Task brief: Find the "Salon de jardin" line in the records below and repeat it and every later line exactly, up to the last; do not include pictures.

Dataset excerpts:
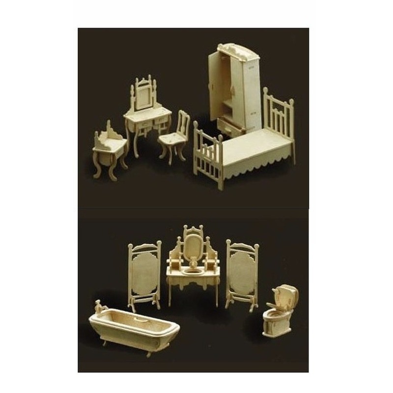 Poppenhuis slaapkamer en badkamer meubeltjes set. Houten poppenkast bouw set meubels voor een bad- en slaapkamer. De meubels zijn van blank hout, en in klassieke stijl. Geschikt voor kinderen vanaf 6 jaar. Ongelakt. Schaal 1:12. , Dit artikel bestaat uit:, 1x Poppenhuis meubels – slaapkamer – schaal 1:12 – hout – speelgoed, 1x Poppenhuis badkamer meubeltjes set – hout – 5-delig – DIY bouwset
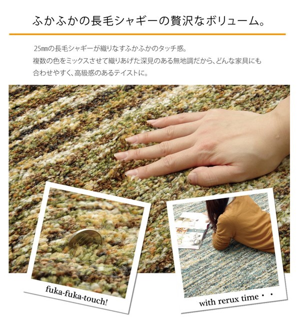 本場ベルギー製のウィルトン織りカーペットです。パイル長約25mmの毛足が長いシャギータイプです。柄は無地調で若干のグラデーションもプラスしました。家具やお部屋にも合わせやすい、特にモダンな色目にこだわった商品です。本商品のパイル部分にはポリプロピレン素材を使用しております。ポリプロピレンはヘタリにくく、耐久性に優れ、繊維の中でも軽い素材です。また、汚れが付着しにくく、遊び毛や毛玉が非常に出にくいという特徴もあります。本商品にはフリーゼセット加工を施しております。フリーゼセット加工でパイルをツイストすることによりボリューム感を出し、ふかふかとした肌感触に仕上げました。ホットカーペットカバーや床暖房にも対応しております。安心して年間お使い頂けるカーペットです。
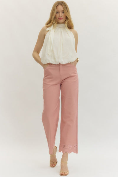 Hem Detail: Scalloped edge with delicate cut-out embroidery for a feminine touch.
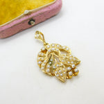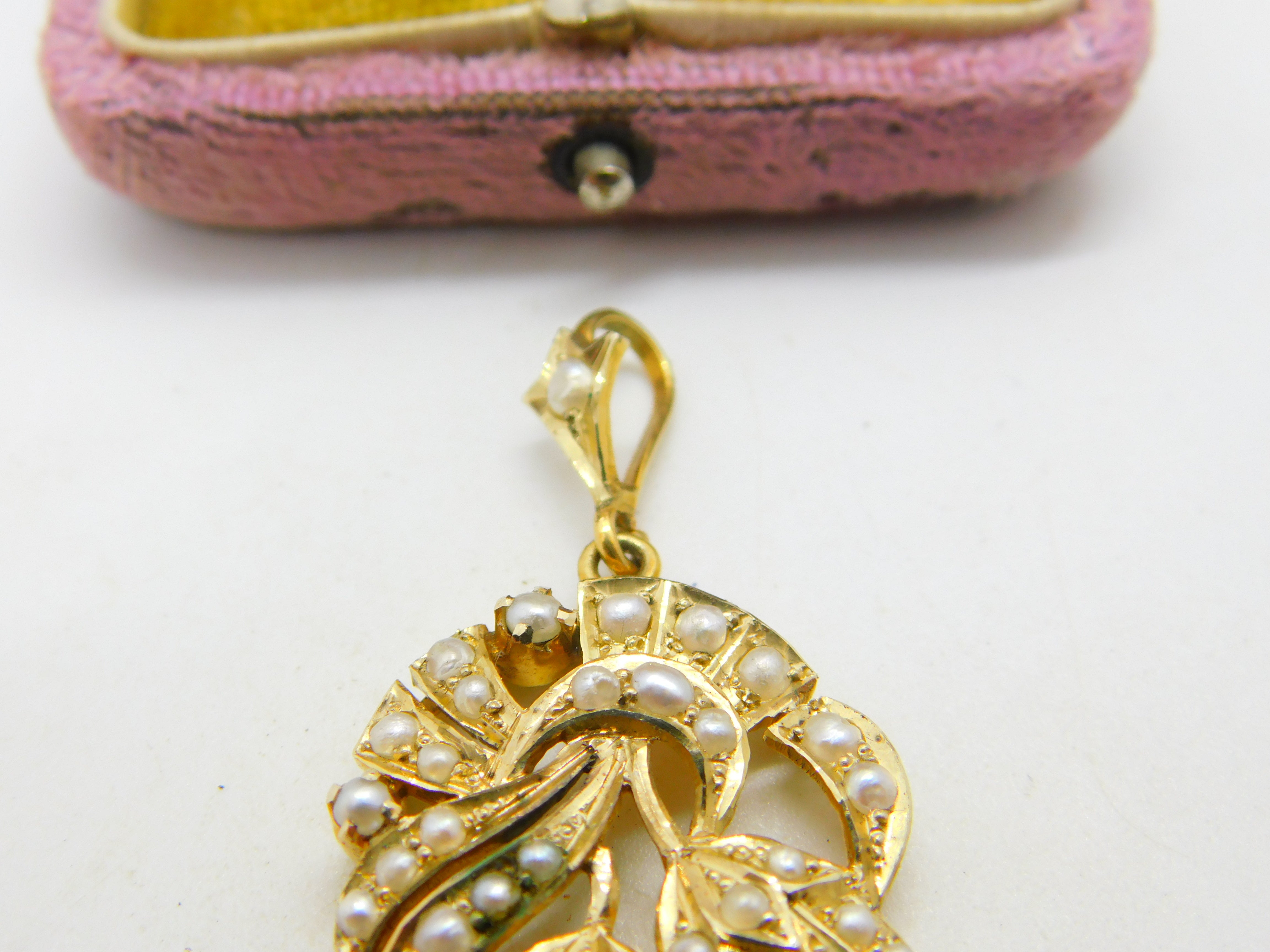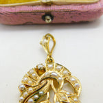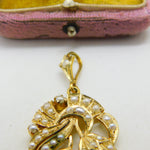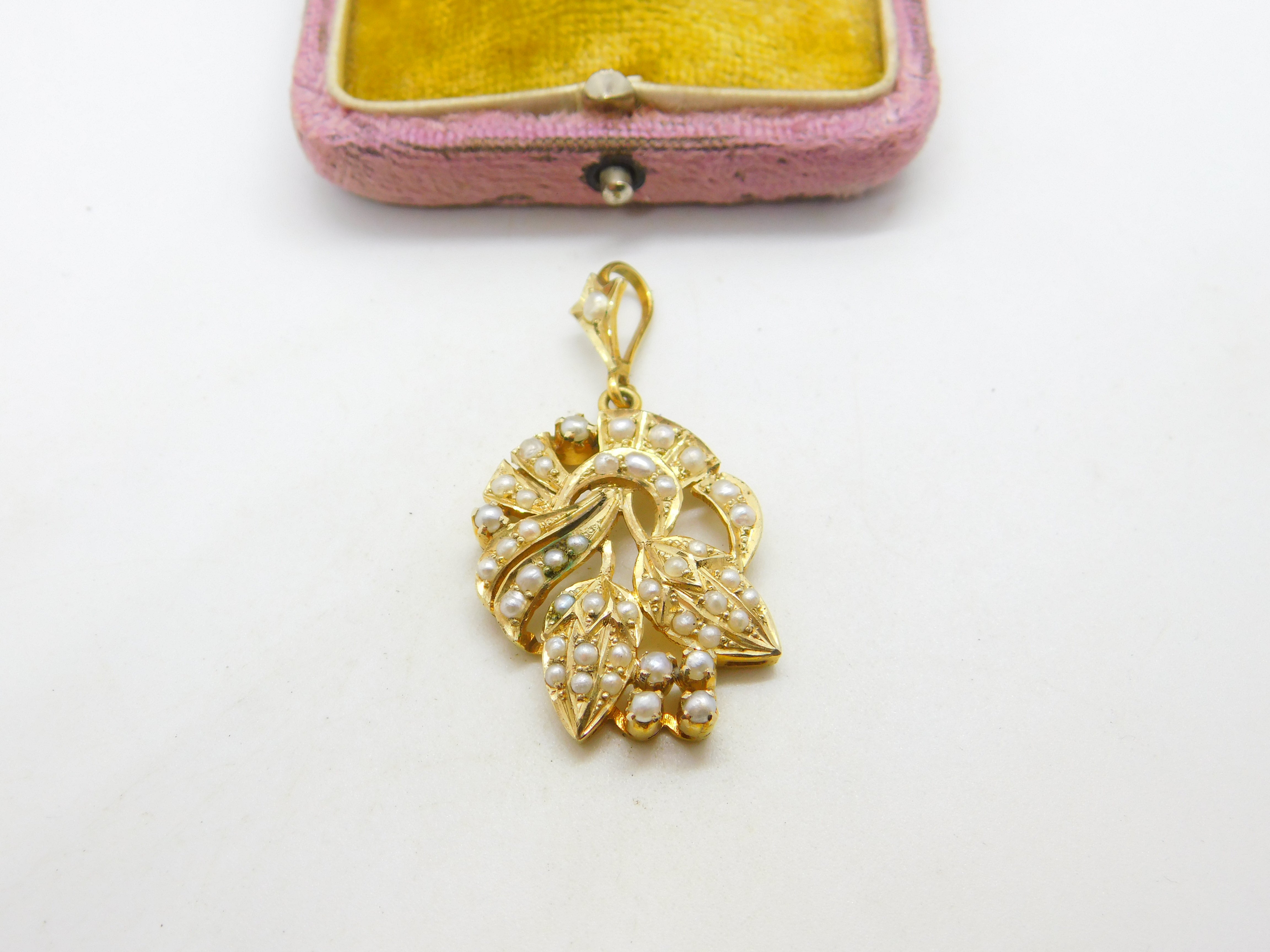 Edwardian 9ct Yellow Gold Seed Pearl Set Floral Drop Pendant Antique c1910
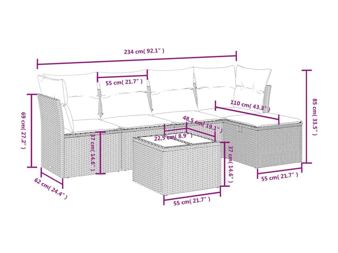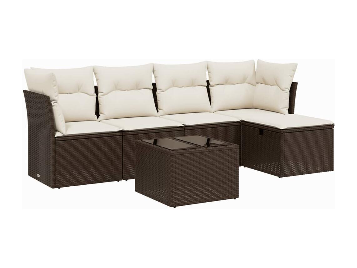 Salon de jardin avec coussins 6 pièces marron résine tressée
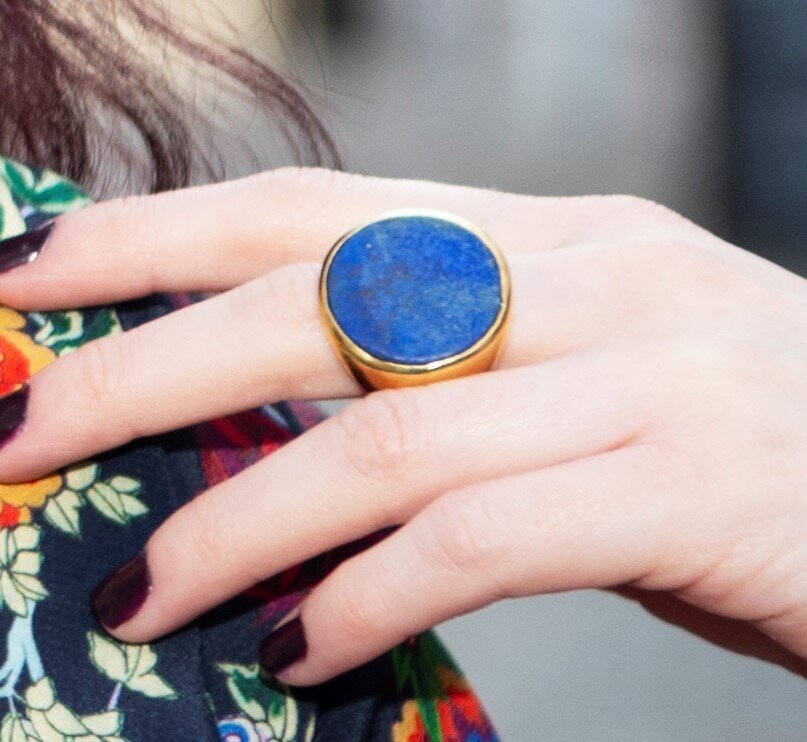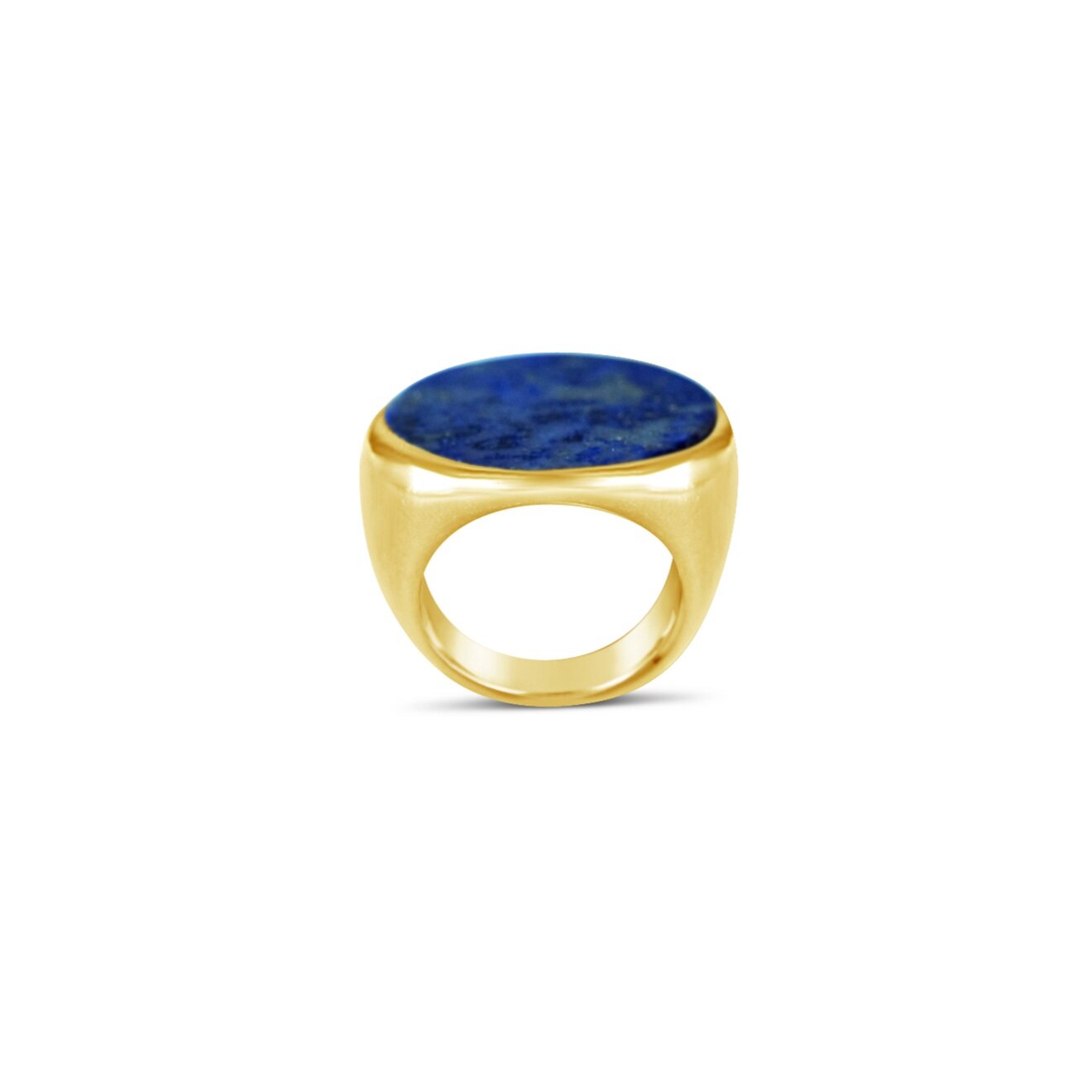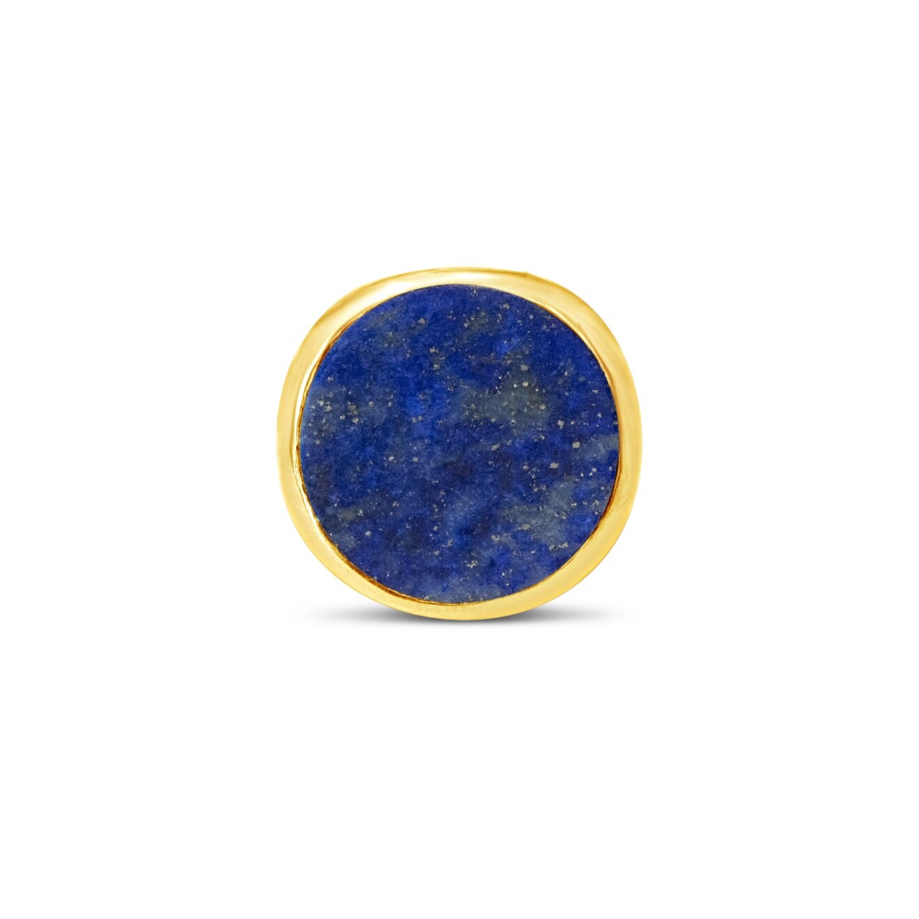 A sleek, ultra-modern flat disc of lapis lazuli is set into a chunky band of shiny 18k gold vermeil. The deep blue stone, flecked with golden pyrite, is enhanced by the golden silhouette of the band ~ bringing a touch of celestial brilliance to your finger.

Reply to the exercise:
 Salon de jardin avec coussins 6 pièces marron résine tressée
 A sleek, ultra-modern flat disc of lapis lazuli is set into a chunky band of shiny 18k gold vermeil. The deep blue stone, flecked with golden pyrite, is enhanced by the golden silhouette of the band ~ bringing a touch of celestial brilliance to your finger.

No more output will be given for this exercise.